_Provided data_:
==================================================

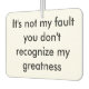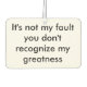 You know your awesome, so why doesn't everybody else? Let the world know its their fault. This funny air freshener says, "It's not my fault you don't recognise my greatness".
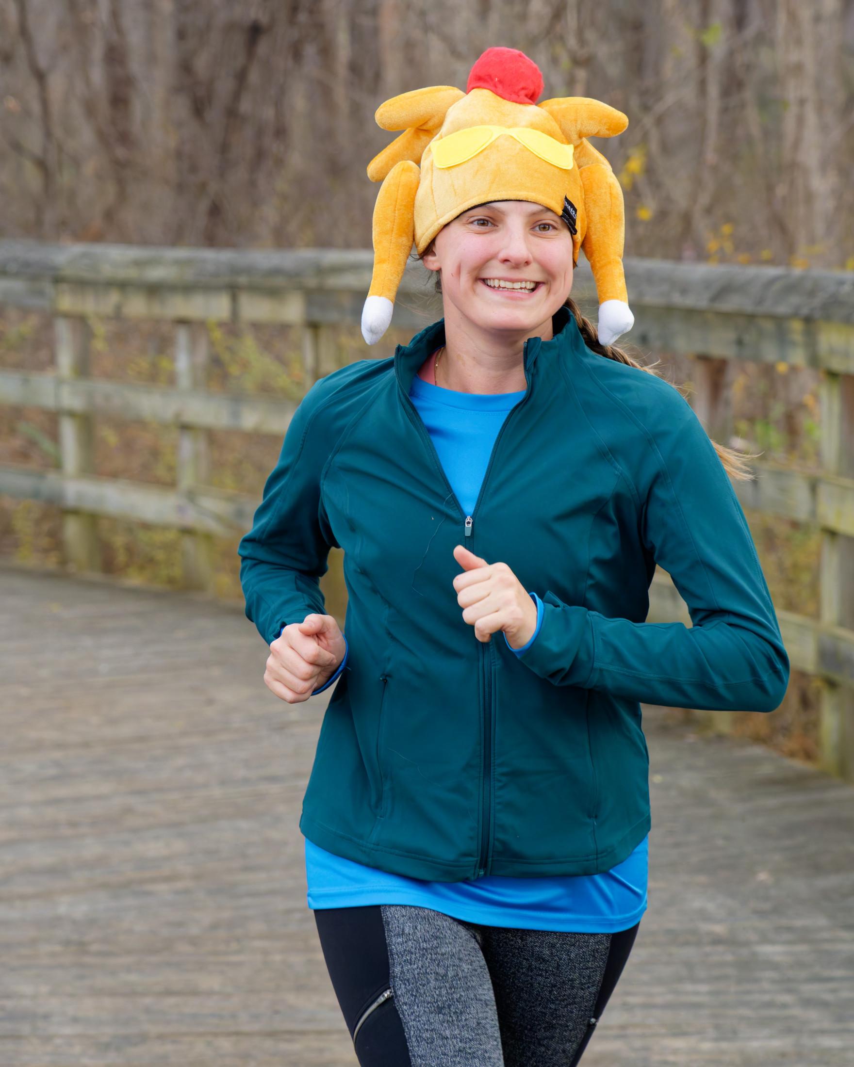 Turkey Trot runner with funny hat and a hidden bib
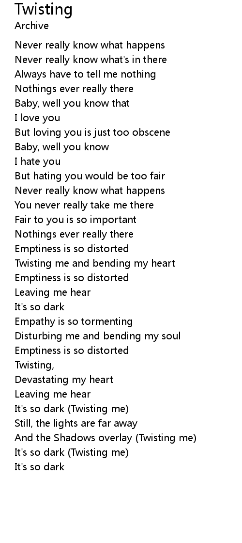 It's so dark (Twisting me) |
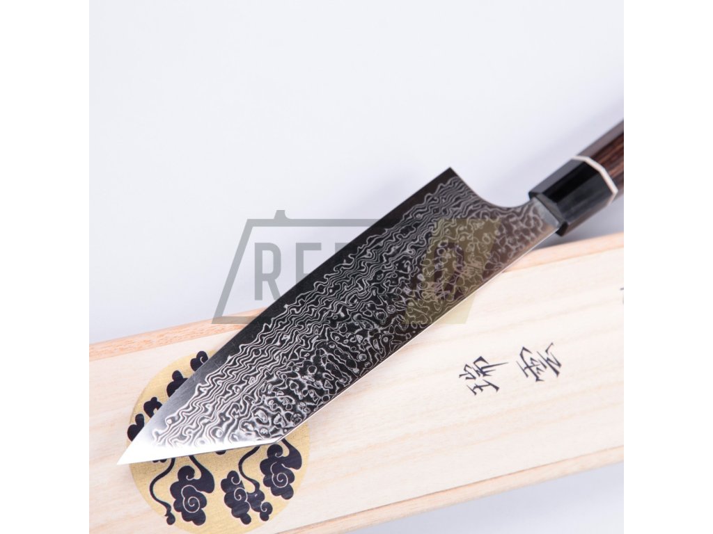 Robustní, velmi ostrý japonský nůž KIRITSUKE/Santoku 180 mm z rychlořezné práškové oceli SPG2 s působivým designem a nejvyšší kvalitou. Tento nůž je bezohledný kuchyňský válečník, který je připraven na všechna vaše přání. Japonské slovo "santoku" se zhruba označuje jako "tři ctnosti", což svědčí o všestrannosti tohoto nože. Čepel je obvykle kratší než kuchařský nůž s výrazně odlišnou geometrií. Nůž Santoku je často prohlašován za fúzi mezi šéfkuchařským nožem a nakiri, což vám přináší výhody obou zmíněných. Vyšší faseta snižuje tření, krájení je tak přesnější. SANTOKU je dokonalým společníkem při práci s masem, rybami, zeleninou a ovocem. Jelikož je špička čepele modelována podle japonského meče, je vhodná i pro přípravu pokrmů, které vyžadují použití špičky a také pro dekorativní vyřezávání. Japonské umění, preciznost a nové technologie činí tento nůž z práškové damaškové oceli (damascus steel) jedinečným a nenapodobitelným.

==================================================

The output is the data above, repeated exactly, with pictures omitted.

 You know your awesome, so why doesn't everybody else? Let the world know its their fault. This funny air freshener says, "It's not my fault you don't recognise my greatness".
 Turkey Trot runner with funny hat and a hidden bib
 It's so dark (Twisting me) |
 Robustní, velmi ostrý japonský nůž KIRITSUKE/Santoku 180 mm z rychlořezné práškové oceli SPG2 s působivým designem a nejvyšší kvalitou. Tento nůž je bezohledný kuchyňský válečník, který je připraven na všechna vaše přání. Japonské slovo "santoku" se zhruba označuje jako "tři ctnosti", což svědčí o všestrannosti tohoto nože. Čepel je obvykle kratší než kuchařský nůž s výrazně odlišnou geometrií. Nůž Santoku je často prohlašován za fúzi mezi šéfkuchařským nožem a nakiri, což vám přináší výhody obou zmíněných. Vyšší faseta snižuje tření, krájení je tak přesnější. SANTOKU je dokonalým společníkem při práci s masem, rybami, zeleninou a ovocem. Jelikož je špička čepele modelována podle japonského meče, je vhodná i pro přípravu pokrmů, které vyžadují použití špičky a také pro dekorativní vyřezávání. Japonské umění, preciznost a nové technologie činí tento nůž z práškové damaškové oceli (damascus steel) jedinečným a nenapodobitelným.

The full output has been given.